Apurva Badithela, Josefine B. Graebener, Wyatt Ubellacker
A module to generate constrained test environments that leverage flow algorithms.
This branch contains code for reproducing the results in "Synthesizing Reactive Test Environments for Autonomous Systems: Testing Reach-Avoid Specifications using Multi-Commodity Flows" by Apurva Badithela*, Josefine B. Graebener*, Wyatt Ubellacker, Eric V. Mazumdar, Aaron D. Ames and Richard M. Murray submitted to ICRA 2023.
Python 3.x
Packages: see requirements.txt and TuLiP
- Install the required packages by running 'pip install -r requirements.txt'
- Install TuLiP from https://github.com/tulip-control/tulip-control
- Run corridor_example/simulate.py for a demonstration of the corridor example
- Run search_and_rescue_simulation/simulate.py for a demonstration of the 3 door robot navigation example
- To produce an animation of the result run animate.py after step 3. or 4. in the corresponding example directory
This is the running example in the paper, the robot (system under test) starts in the center of the corridor and wants to reach either of the yellow goal cells at either end of the corridor. The tester wants the system to pass through both of the blue cells first, which is encoded in the tester specification. In the resulting test execution the tester places an obstacle to force the robot to pass through both blue cells before it can reach a yellow goal cell.
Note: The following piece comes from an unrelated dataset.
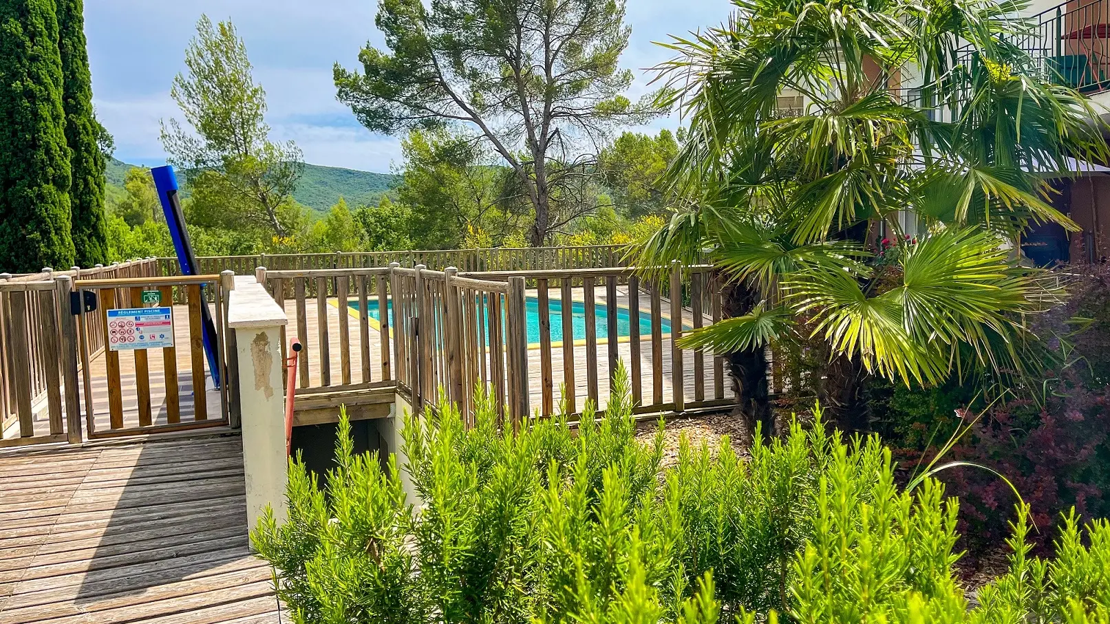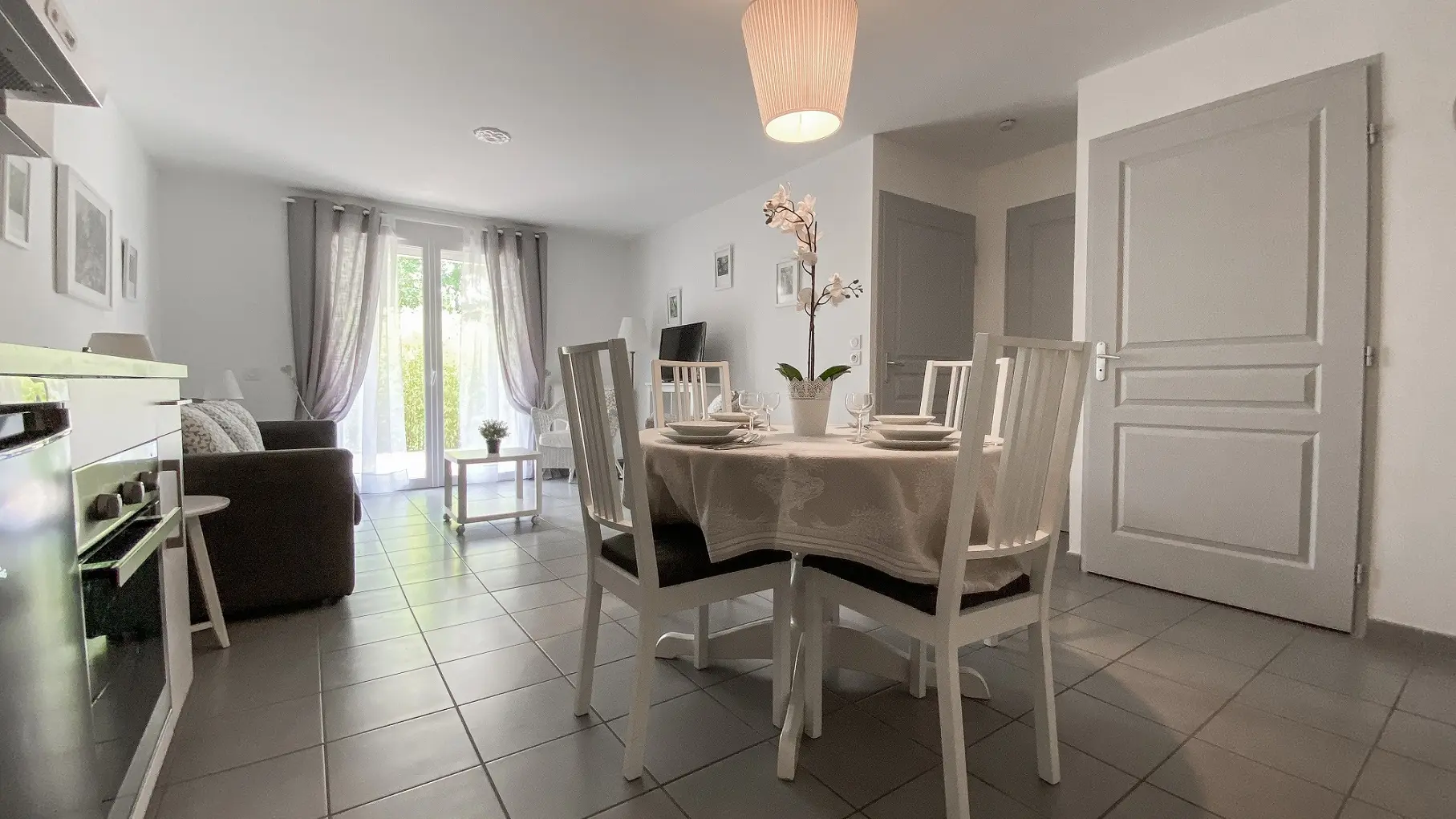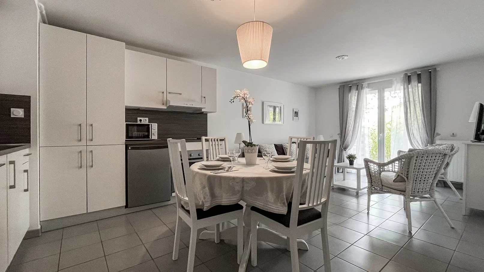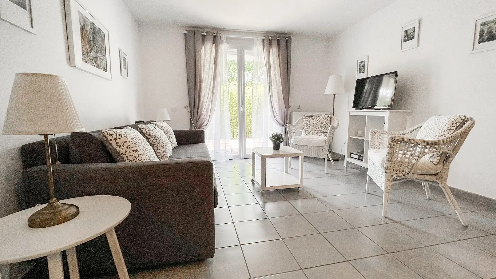 Appartement T2 de 44m2 dans résidence, entièrement équipé, au RDC avec terrasse de 20 m2, sans vis à vis, avec garage privé. Piscine de la résidence. A deux pas des thermes de Gréoux. Parfait pour curistes.

This example is inspired by a search and rescue mission, the robot starts on one side of three doors (blue cells) and need to reach the goal state on the other side (yellow cell). The tester wants the robot to try all three doors before it is allowed to pass through to its goal state. In the resulting test execution the tester places obstacles ("locks the doors") such that the robot can only reach its goal state after passing through all three blue cells.
We also implemented the flow-cut algorithm on simpler grid world examples, such as this maze example. The agent under test (pacman) wants to reach its goal state (yellow), but the tester places obstacles (red) such that every test execution will route pacman though the intermediate state (blue). In this case the obstacles can be placed statically on the gridworld as the system and tester specifications each only contain a single location on the grid.
This road network is another example of placing static obstacles using the flow-cut algorithm. The grid world in this case is a road network with two lanes and intersections. The initial position of the car is marked 'S', the intermediate cell is 'I' and the goal cell is 'T'. The algorithm finds a set of static obstacles to cut the flow around 'I' (labeled Flow 3 - there is no flow from cell S to cell T) but still enable a max flow of 2 for the flow from S to I (Flow 1) and from I to T (Flow 2). Note that this framework does not minimize the number of obstacles.